Plans for Pimlico Race Course include a new track and infield positioned to open the site further to the public
Photo: MARYLAND STADIUM AUTHORITY

A Maryland Stadium Authority study calling for the demolition and rebuilding of Pimlico Race Course has been endorsed by Baltimore Mayor Catherine Pugh and would "achieve city officials’ objectives of keeping" the Preakness Stakes in town, while also "making the 110-acre campus accessible during non-racing days," according to Jeff Barker of the BALTIMORE SUN. The plan "proposed replacing the faded Pimlico Race Course with a stylish -- and costly -- track designed to open its amenities to the surrounding community year-round and encourage development in a distressed area of Baltimore." The plan "includes a four-level clubhouse and plaza area called the Palio ... and a new track and infield positioned to open the site further to the public." The plan would be under a "three-year proposal" that would cost $424M, but "no one was prepared to commit to paying such a sizable tab." The study "doesn’t recommend who should pay for Pimlico’s demolition and rebuild, but suggests city and state officials and The Stronach Group ... enter into formal negotiations about the next steps." The Stronach Group "declined to address Thursday whether it would consider a public-private partnership to rebuild Pimlico." Vast sections of Pimlico "now have a patched-together, industrial look." The clubhouse -- where "high-end guests dine -- has not undergone significant renovation since it was constructed decades ago" (BALTIMORE SUN, 12/14). In Baltimore, Peter Schmuck writes the project, if "ever completed, would not only dramatically transform Pimlico and the area around it but also change the face of racing in Maryland" (BALTIMORE SUN, 12/14).

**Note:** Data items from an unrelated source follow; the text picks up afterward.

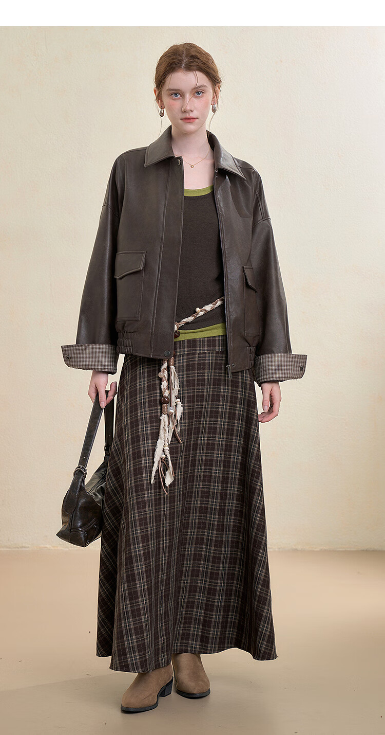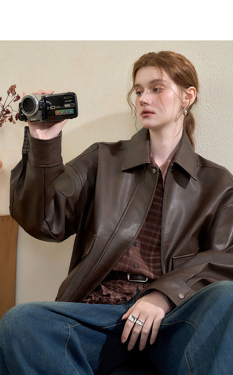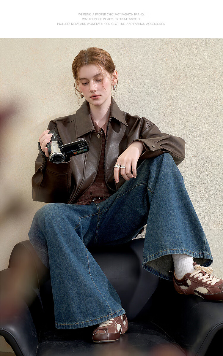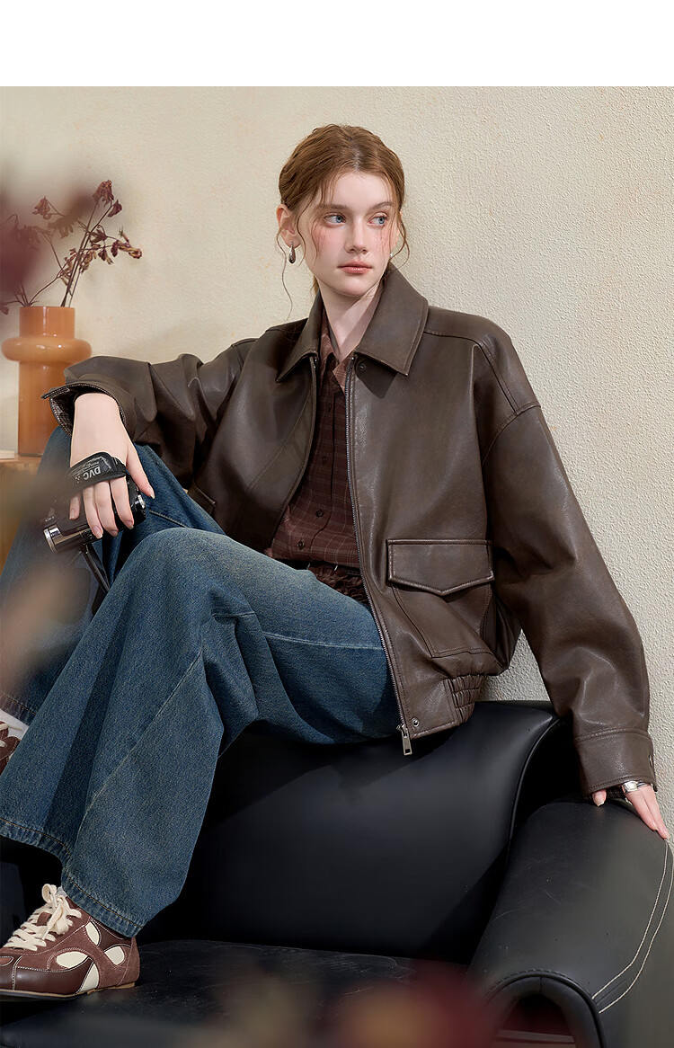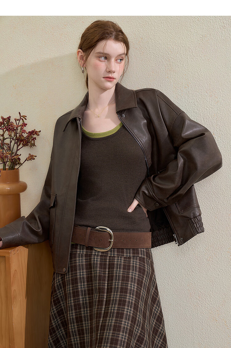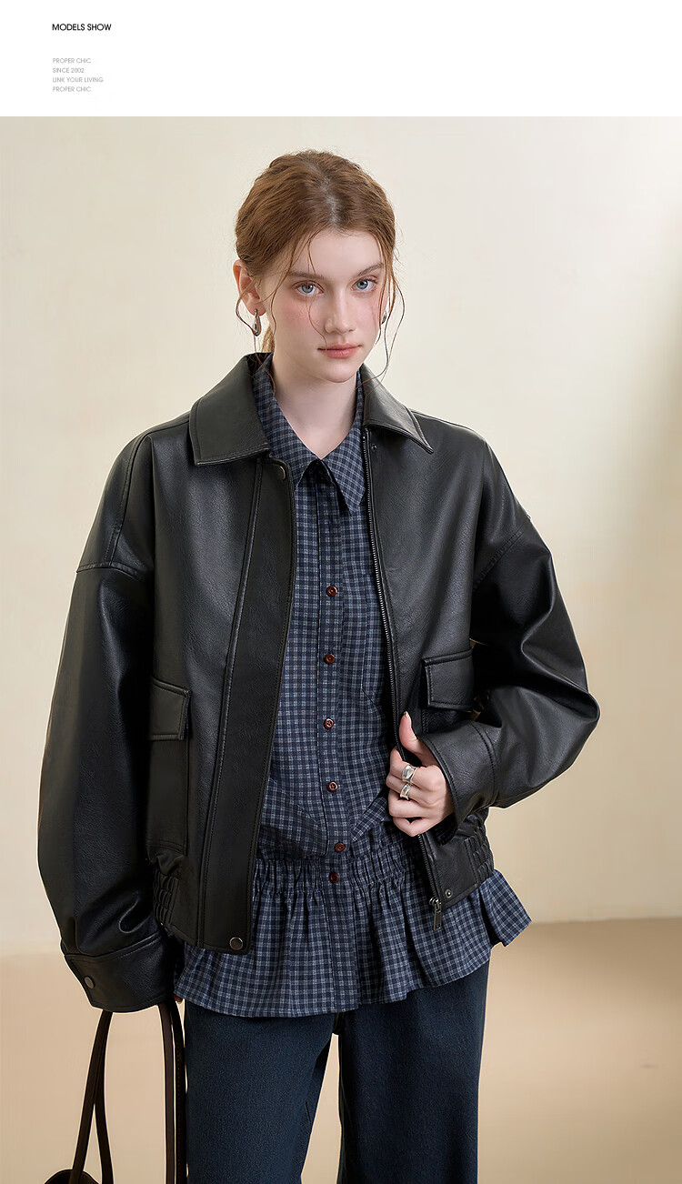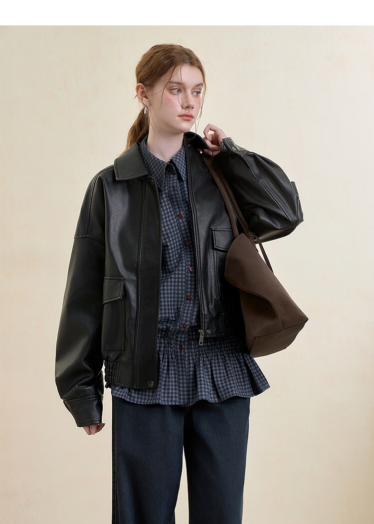 西遇(Westlink)复古休闲摩登质感pu皮夹克外套女秋宽松廓形显瘦机车服 咖色 (预售11月3日) M (160)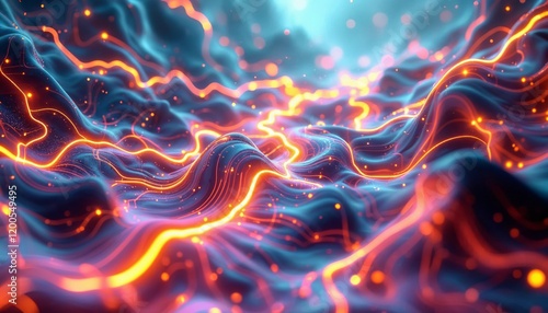 © Aimag, Obraz premium Abstract background of flowing data. Concept of digital, technology, and energy.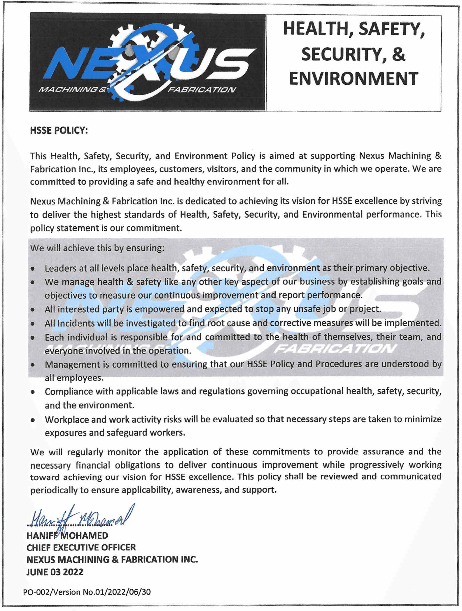 We are committed to protecting the health and safety of everybody who plays a part in our operations, lives in the communities in which we operate or uses our products. Wherever we operate, we will conduct our business with respect and care for both the local and global environment and systematically manage risks to drive sustainable business growth. We will not be satisfied until we succeed in eliminating all injuries, occupational illnesses, unsafe practices and incidents of environmental harm from our activities.

ALL ABOUT THE MONEY: Park Heights Renaissance Exec Dir Marcus Pollock, whose nonprofit group formed about five years ago to help guide the redevelopment of the community, said that a "commitment of public funding for the infrastructure work at Pimlico would be a strong first step to moving the wide-ranging plan forward for participation by private developers." He said, "Once that is done, any investors would see that the opportunity is authentic and they would line up to make some offers to get the work done" (BIZJOURNALS.com, 12/13). A BALTIMORE SUN editorial is written under the header, "The Pimlico Plan Can Be Done." The report "does leave two major and inter-related questions: Who is going to pay the $424 million it would cost to make this vision a reality, and does the track’s owner have the slightest interest in expending this kind of effort -- any effort, really -- in keeping the Preakness in Baltimore?" Baltimore has a "compelling reason to invest in the redevelopment of the property, but absent the historical, cultural and economic significance of the Preakness, it’s going to be a much harder sell in the General Assembly, and it’s going to be much less attractive for private developers" (BALTIMORE SUN, 12/14). In Lexington, John Clay writes Pimlico has been a "crumbling mess for some time," as the "charm of the place and the history of the race pales in comparison to the peeling paint, creaky stairs, malfunctioning elevators and holes in the drywall." Clay writes he is not sure spending $424M to "first demolish and then rebuild the place is worth the price tag" (LEXINGTON HERALD-LEADER, 12/14).